70 kg Kartoffeln und 85 kg Gemüse essen die Bundesbürger pro Kopf und Jahr. Kaufte man früher auf dem Markt oder beim Gemüsehändler, bringen heute die Discounter mehr als die Hälfte des privaten Konsums an den Kunden, Tendenz weiter steigend. Da Produzenten und Händler den Wasserfußabdruck ihrer Ware nicht angeben, oft auch gar nicht kennen, bleiben vorläufig nur Herkunft und Jahreszeit als Anhaltspunkte. Was wir am Beispiel von Kartoffeln und Tomaten erläutern, gilt im Prinzip für viele Gemüse. 

Aus Nordafrika und Israel importierte Frühkartoffeln sind deutlich wasserintensiver als einheimische Lagerkartoffeln

Kartoffeln: Je früher, desto wüster

Obwohl Deutschland mit einem jährlichen Ertrag von 11 Mio. t weltweit an sechster Stelle der Kartoffelerzeuger liegt und rund 2 Mio. t ausführt, werden etwa 130.000 t Frühkartoffeln importiert. Ökologisch ist das unsinnig, denn die heimischen Knollen lassen sich problemlos bis ins Frühjahr lagern. In ihrem Wasserfußabdruck finden sich nur 8 l Bewässerungswasser, den Rest des Bedarfs decken die Niederschläge. Frühkartoffeln aus Ägypten, Israel oder Marokko bilden die Konkurrenz. Die Art und Weise, wie sie produziert werden, gibt zu denken. . In vielen Regionen werden die Wasservorräte schon bald unwiederbringlich geplündert sein.

 

Tomaten zum Erröten

Unter allen Gemüsen ist die Tomate unser Liebling. Im Schnitt verzehrt jeder Bundesbürger etwa 22 kg pro Jahr. Bei der Frischware dominieren Importe aus niederländischen Gewächshäusern sowie spanische Freiland- und Folientomaten den deutschen Markt.

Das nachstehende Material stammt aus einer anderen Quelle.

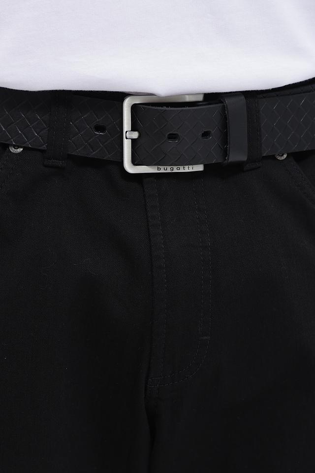 Мужской ремень Bugatti ACC чёрного цвета с фактурным плетёным дизайном и стильной металлической пряжкой. Изготовлен из высококачественной кожи, обеспечивающей долговечность и комфорт в носке. Состав: кожа 100%

In den Niederlanden werden Tomaten besonders wassereffizient produziert – im Winter allerdings mit hohem Energieaufwand

Tomaten haben in unserem gemäßigten Klima einen vergleichsweise geringen Wasserbedarf. Niederländische Tomatenanbauer kommen mit weniger als 10 l pro kg erzeugter Tomaten aus, nicht zuletzt dank eines effektiven Wasserrecyclings. Tomaten am Mittelmeer brauchen wegen der hohen Temperaturen ein Mehrfaches davon, in Südspanien im Schnitt 85 l, in Sizilien und der Türkei 130 l, und in Ägypten sogar 230 l pro kg. Leider deckt sich dieser Befund nicht mit der CO2-Bilanz. Die fällt, zumindest in der kälteren Jahreszeit, für Gewächshaustomaten aus Westeuropa sehr ungünstig aus, denn dort wird viel Energie zum Heizen und Beleuchten verpulvert – eine Zwickmühle für den Verbraucher. 

Wasserfußabdruck von Spargel in den für uns wichtigsten Herkunftsländern. In der Mittelmeerregion wird er besonders intensiv bewässert

Ist Biogemüse die bessere Wahl?

Eine gute Wassereffizienz und ein nachhaltiger Umgang mit lokalen Wasserreserven gehören bisher nicht zu den Kriterien des Bioanbaus. Gemüse kann also trotz Bio-Siegel einen ähnlich hohen Wasserfuß abdruck haben wie konventionell erzeugtes. Tendenziell schont Bio-Gemüse das Wasser aber wirksamer, denn die Böden im Bio-Anbau sind infolge von Gründüngung humusreicher und besitzen deshalb eine bessere Wasserhaltefähigkeit. Zum anderen wird Wasser nicht durch synthetische Düngemittel und Pestizide verunreinigt. Das entsprechende „graue“ Wasser, in Südeuropa z.B. 20 bis 25 l pro kg Tomaten, kann man dennoch nicht vollständig abziehen, weil die Erträge im Bioanbau geringer sind. 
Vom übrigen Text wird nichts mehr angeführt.